The SHGP is divided into three main work categories as follows
Infrastructure build out
Establish central sequencing and bioinformatics site at KACST.
Establish satellite laboratories at multiple sites within KSA.
Training and Knowledge Transfer
Train a core group of scientists, bioinformaticians and technicians on genomics methodology.

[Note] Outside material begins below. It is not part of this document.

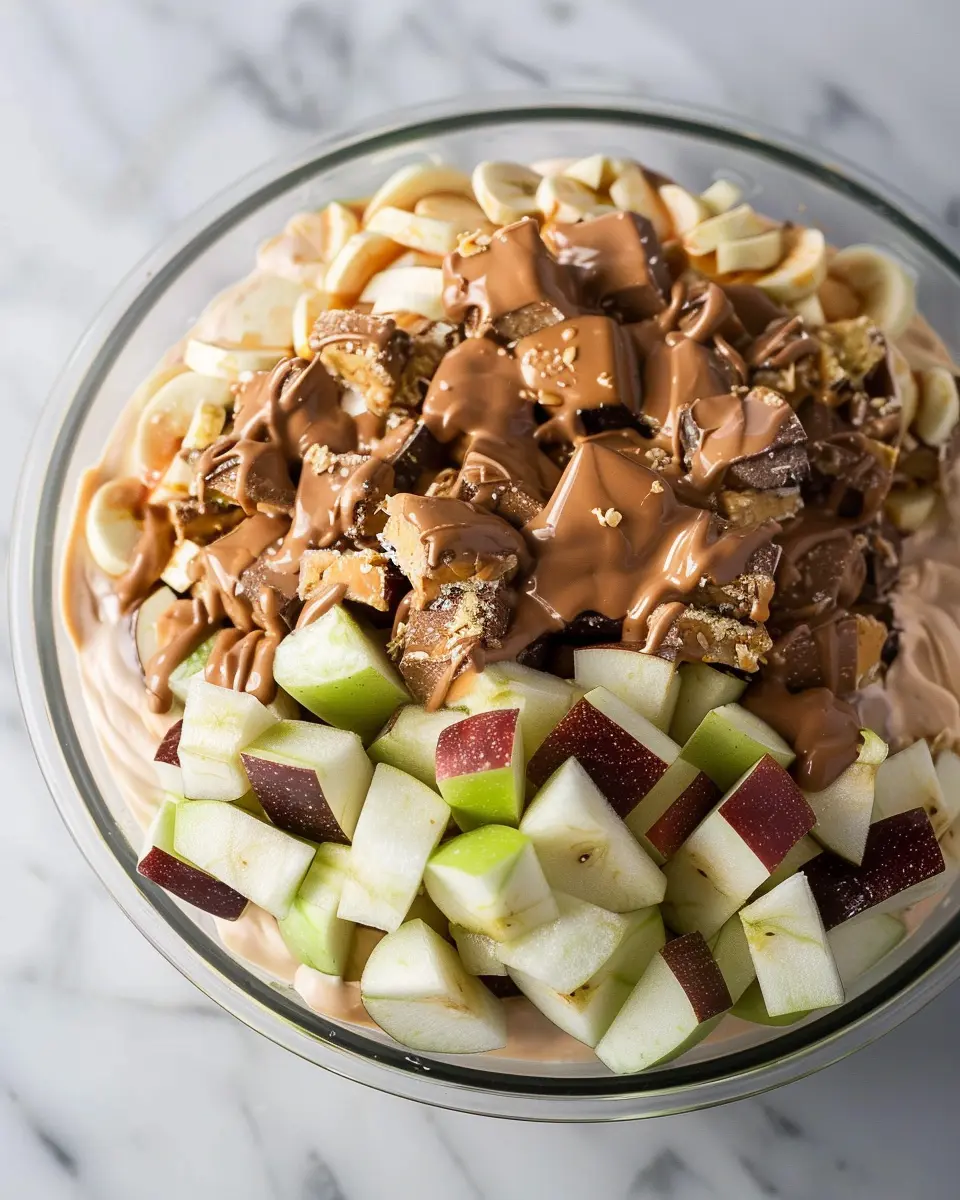 Chop Wisely: Cut your apples, Snickers bars, and other ingredients into bite-sized pieces. This not only enhances the presentation but also makes every spoonful a delicious mix.
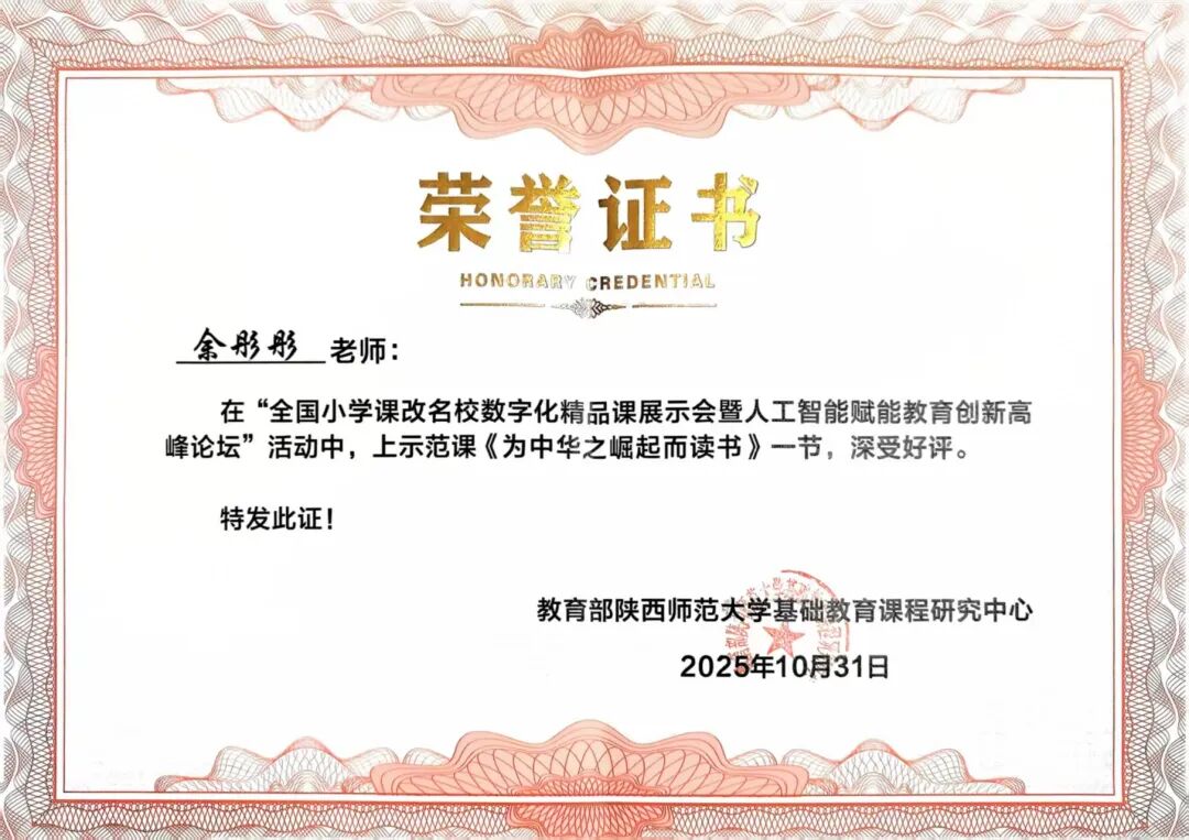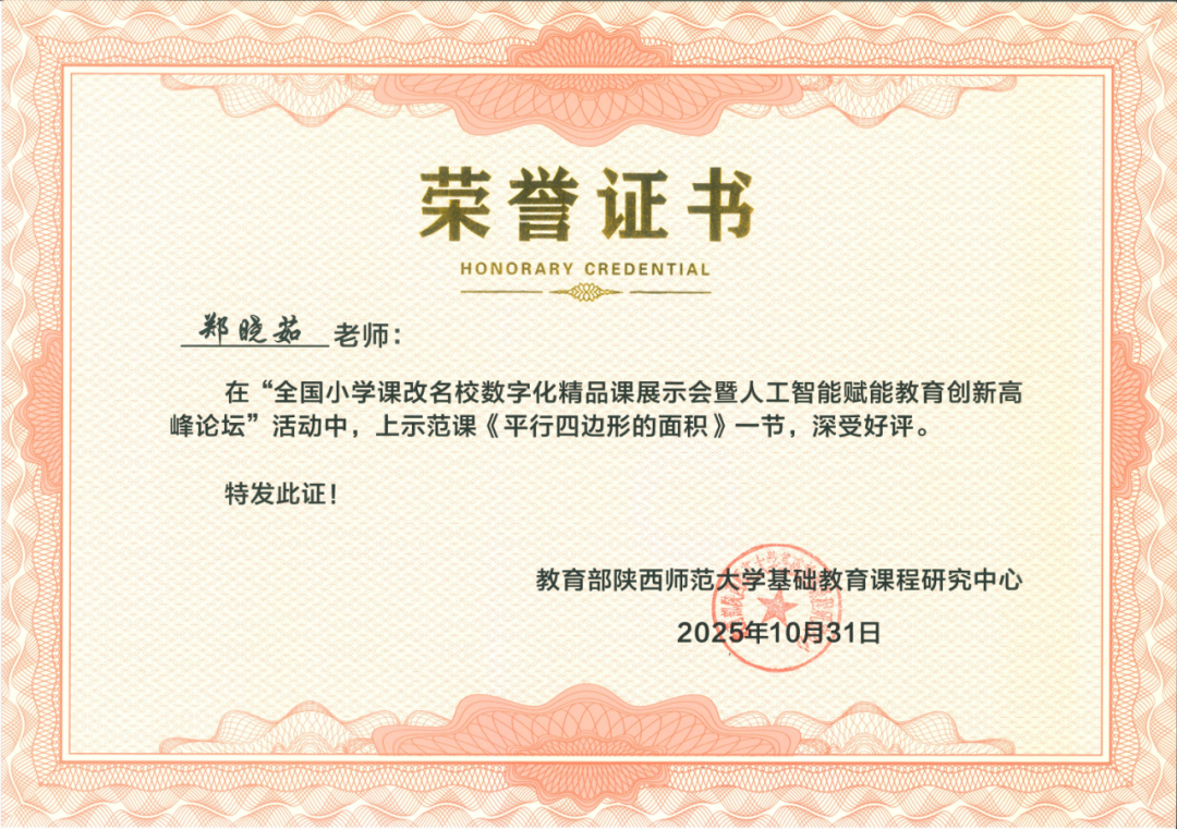 2025 年 10 月 31 日至 11 月 1 日,全国小学课改名校数字化精品课展示会暨人工智能赋能教育创新高峰论坛在河南省郑州市举行。本次高峰论坛汇聚了全国小学教育领域的顶尖专家、课改名校领军人物及骨干教师代表,以“数字化转型与教育创新”为核心,搭建了高品质的教学交流与成果展示平台。

Adopt new technologies, chemistries and computational capabilities as required for the SHGP
Solving disease genetics
Use gene panel, exome and whole genome sequencing of samples to identify the genetic basis of rare and common diseases in the Saudi population.
Develop a catalogue of disease and benign variants
Establish a database of population variants
With limited resources, major progress has been made since inception of the project. Most work to date has focused on rare diseases and has placed the SHGP as a world leader in rare diseases research.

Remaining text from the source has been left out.